Tara Reid over all cant act for shit. Has anyone seen Crow4(Wicked Prayer). Her acting there was almost none existent. But she is decent in a VERY VERY VERY few movies. And finally the one i despise the most as OVERRATED crappy actress/actor ever! Angelina Jolie. She SUCKS. Take away her huge boobs and lips. and all you got is a crappy actress with weird fetishes. She is just a step above tara reid.

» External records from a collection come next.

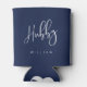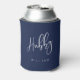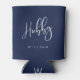 Hubby Calligraphy Navy Blue Name & Monogram Can Cooler
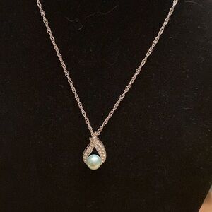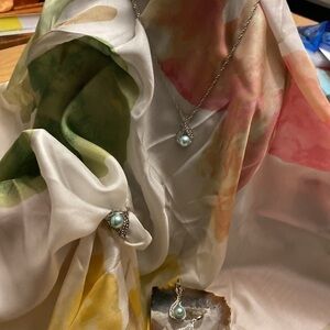 Antique look faux greenish blue pearl surrounded by diamondnic stones set in SS over steel. Necklace and earrings offered in this listing. Ring is available in size 8 - see separate listing or just ask me.
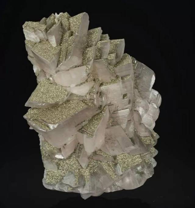 ↑↑↑俄罗斯滨海边疆区达利涅戈尔斯克的一组精美大型白色方解石晶体,表面覆盖着黄铁矿晶簇。
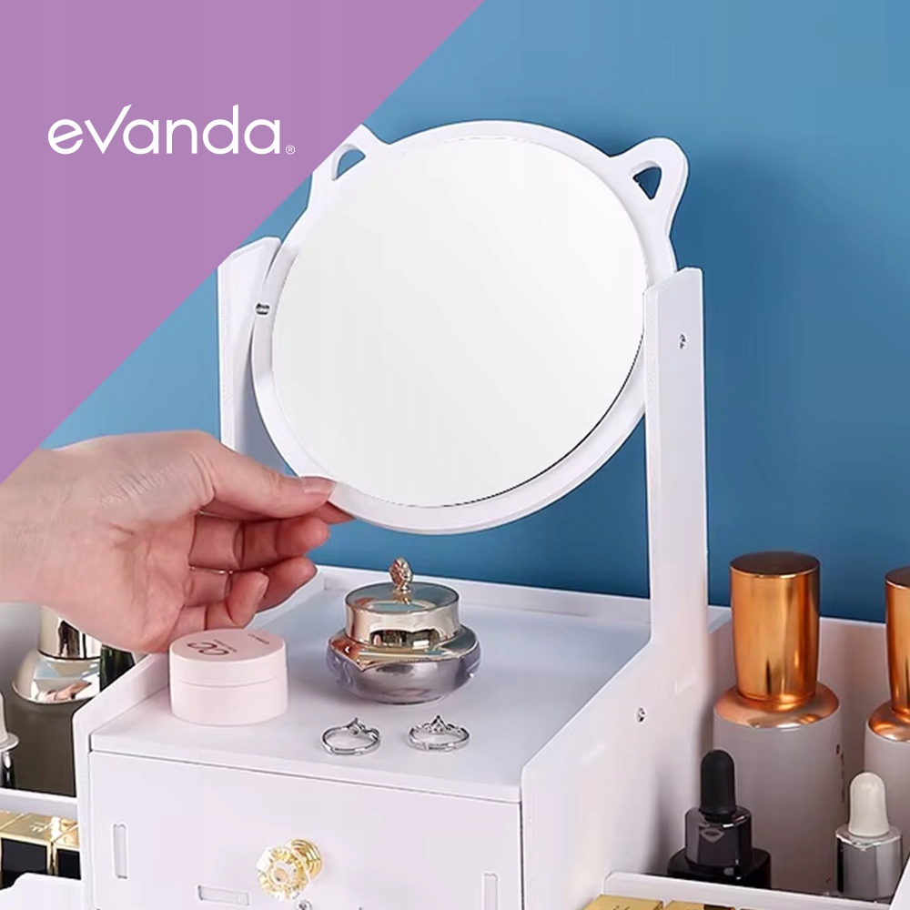 Stylowa i funkcjonalna toaletka eVanda to idealne rozwiązanie dla osób, które cenią elegancję, porządek i wygodę w codziennej pielęgnacji. Jej uroczy design z okrągłym lusterkiem w kształcie kotka sprawia, że doskonale wpisuje się w estetykę nowoczesnych wnętrz - zarówno w sypialni, łazience, jak i garderobie.
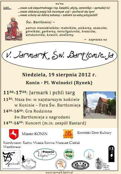 Jarmark z grą rodzinną AktualnościKoninKultura 09/08/2012 Mniej niż 1 min. FacebookTwitterWhatsApp MASZ WAŻNĄ WIADOMOŚĆ? Prześlij do naszej redakcji zdjęcie, film, lub informację! +48 63 242 01 01 Jest patronem rzemieślników. Niebawem przypada jego święto. Z tej okazji na konińskiej starówce odbędzie się jarmark noszący jego imię. Mowa o świętym Bartłomieju, który 19 sierpnia po raz piąty patronować będzie niecodziennemu wydarzeniu. Co w programie imprezy? PROMOCJA Fundusze EuropejskieFundusze Europejskie wspierają rozwój wielkopolskich wsiRedakcja LP - 03/11/20250BiznesAsona Energy ogłasza inwestycję w krematorium w Koninie!Redakcja LP - 31/10/20250AktualnościUczennica Państwowej Szkoły Muzycznej w Koninie z prestiżowym stypendium Ministra Kultury!Redakcja - 31/10/20250Wydarzenia„Dzieciństwo bez przemocy” Konin włącza się w ogólnopolską kampanię.Redakcja LP - 29/10/20250KulturaStypendia Prezydenta Miasta Konina w dziedzinie kulturyRedakcja LP - 28/10/20250 PROMOCJA Fundusze EuropejskieFundusze Europejskie wspierają rozwój wielkopolskich wsiRedakcja LP - 03/11/20250BiznesAsona Energy ogłasza inwestycję w krematorium w Koninie!Redakcja LP - 31/10/20250AktualnościUczennica Państwowej Szkoły Muzycznej w Koninie z prestiżowym stypendium Ministra Kultury!Redakcja - 31/10/20250Wydarzenia„Dzieciństwo bez przemocy” Konin włącza się w ogólnopolską kampanię.Redakcja LP - 29/10/20250KulturaStypendia Prezydenta Miasta Konina w dziedzinie kulturyRedakcja LP - 28/10/20250 Szukaj Konin pochmurnie enter location 11.7 ° C 11.7 ° 11.7 ° 68 % 5.7kmh 19 % pt. 12 ° sob. 13 ° niedz. 11 ° pon. 10 ° wt. 11 ° Sygnał24INFO Urząd Gminy i GOPS w Rzgowie będą nieczynne 10 listopada 07/11/2025 Utrudnienia w ruchu w miejscowości Natalia – rusza remont drogi powiatowej 06/11/2025 Po alkoholu stracił orientację w lesie. Służby odnalazły go całego i zdrowego 06/11/2025 Szkolenie w Urzędzie Miejskim w Sompolnie – czasowe ograniczenia w obsłudze interesantów 06/11/2025 Strażnicy miejscy patrolowali trudno dostępne rejony Konina 06/11/2025 Poprzedni artykułMuzycznie na bulwarzeNastępny artykułKradli studzienki kanalizacyjne Mogłeś przegapić Narodowe Święto Niepodległości w Gminie Rzgów – wspólne świętowanie 11 listopada Rzgów 07/11/2025 Konkurs Wiedzy o Bezpieczeństwie w Ruchu Drogowym w Lubstowie Aktualności 07/11/2025 Policjanci z Konina o bezpieczeństwie najmłodszych w Przedszkolu w Brzeźnie Aktualności 07/11/2025
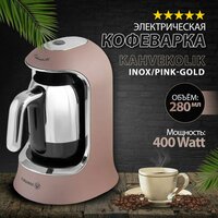 Электрическая кофеварка от турецкого производителя Коркмаз (Korkmaz) Kahvekolik компактная, удобная, простая в эксплуатации - идеальный выбор для любителей кофе по-Турецки. Изготовлена из высококачественной нержавеющей стали и пластика. Мощность кофеварки 400 Watt, объём 280 мл. Термодатчик защиты от работы без воды и высоких температур. Автоматическое выключение по готовности кофе. Кофеварка подает 3 звуковых сигнала о готовности кофе. После 4-го сигнала выключается автоматически. Производит до четырех чашек турецкого кофе за один раз.
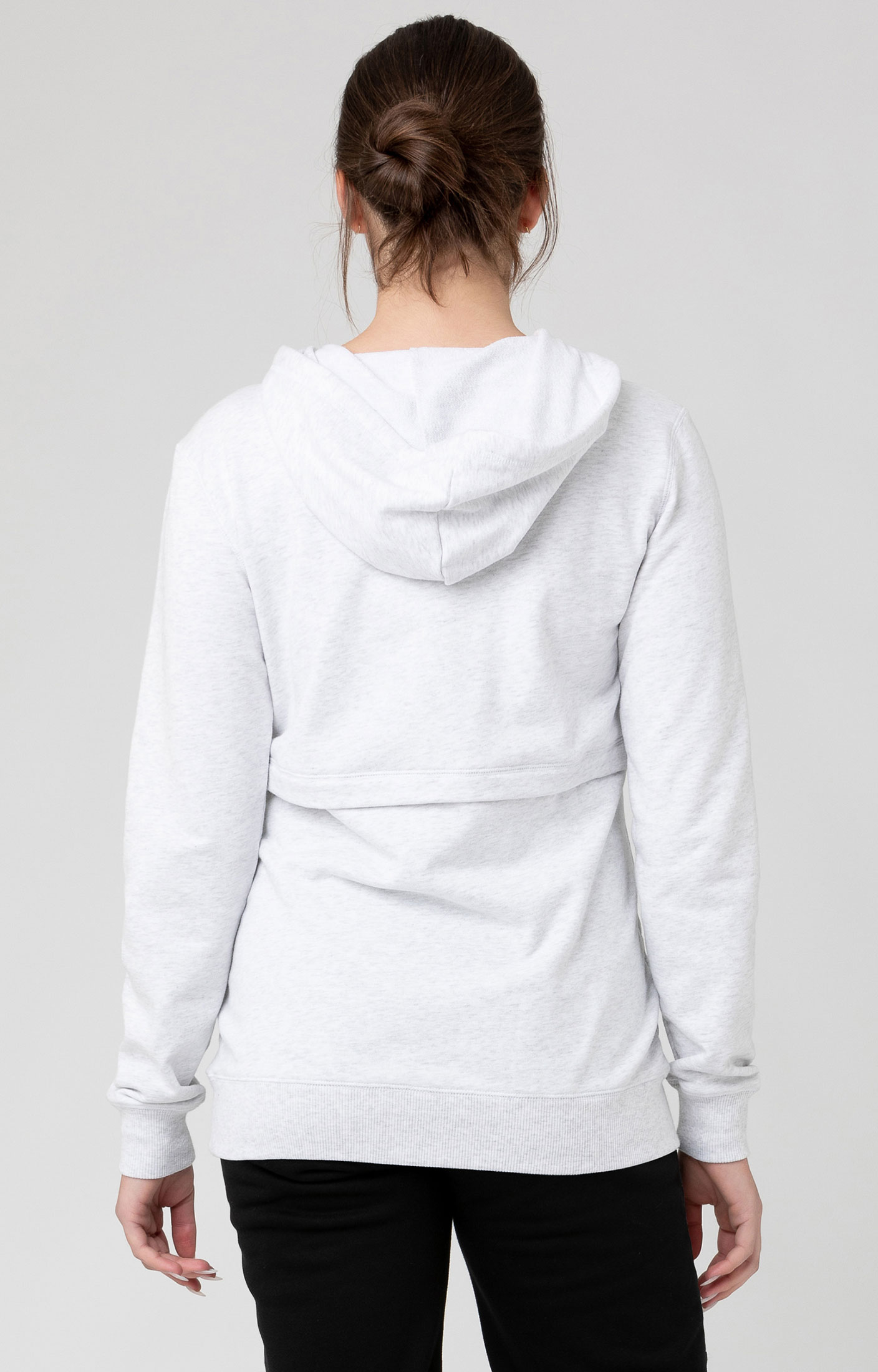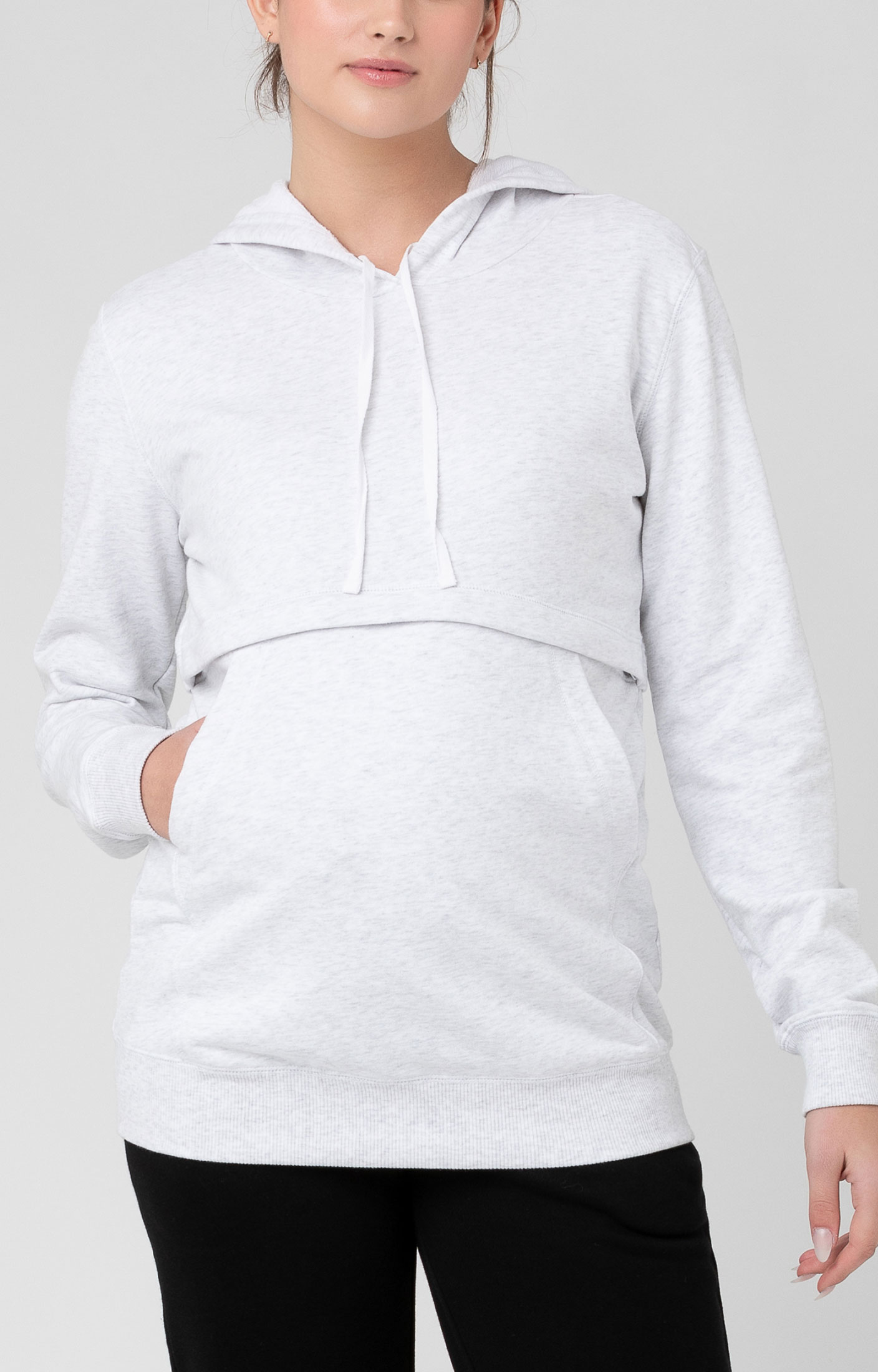 Stay cosy in our Kitty Nursing Hoodie. This stylish cool-weather sweater offers ultimate comfort and a fresh clean look for every day wear. Our maternity and nursing hoodie features a front pouch pocket, making it easy to carry those small essentials and a hidden horizontal zip for easy nursing access.

as for Keeanu Reeves, he's an ok actor. Considering the role's he's played in most of the movies he's done a good job. But he is not however a good say drama actor. His best acting was in Bill and Ted's Excellent Adventure, after all he has to carry on that "Whoa" on to all his other films.


----------



## Dragonzair (Nov 19, 2005)

Paris Hilton:  How could anyone even like 'that' cideo! 
Britney: *puke*
Hillary Duff: Lindsay's better.


----------



## Jef88 (Nov 19, 2005)

Dragonzair said:
			
		

> Paris Hilton:  How could anyone even like 'that' cideo!
> Britney: *puke*
> Hillary Duff: Lindsay's better.


thats soo true
just because they look good doesnt make them good actrises 
i havent seen a good movie with one of those chicks

@genuisshikamaru: u should see snatch brad pitt does a great job in that movie


----------



## TGC (Nov 19, 2005)

> Johnny Knoxville, Ashton Kutcher, Sean William Scott, Tom Welling, and other suck people.


Ashton Kutcher bad? have you not seen That 70's Show???...
Vin Deisel is horrible....


----------



## MF NaruSimpson (Nov 19, 2005)

ashton kushcer is :barf

how about ben "play the same freakin character every movie " stiller


----------



## Lexiefaye (Nov 21, 2005)

Jennifer Coolidge - always plays the same old, rich slut with too much makeup
Tim Robbins - he's in good movies but his acting just bores me 
Judge Reinhold - remember Beetoven 2. I didn't think so ....
Julia Roberts - most overrated actress in the history of moviemaking


----------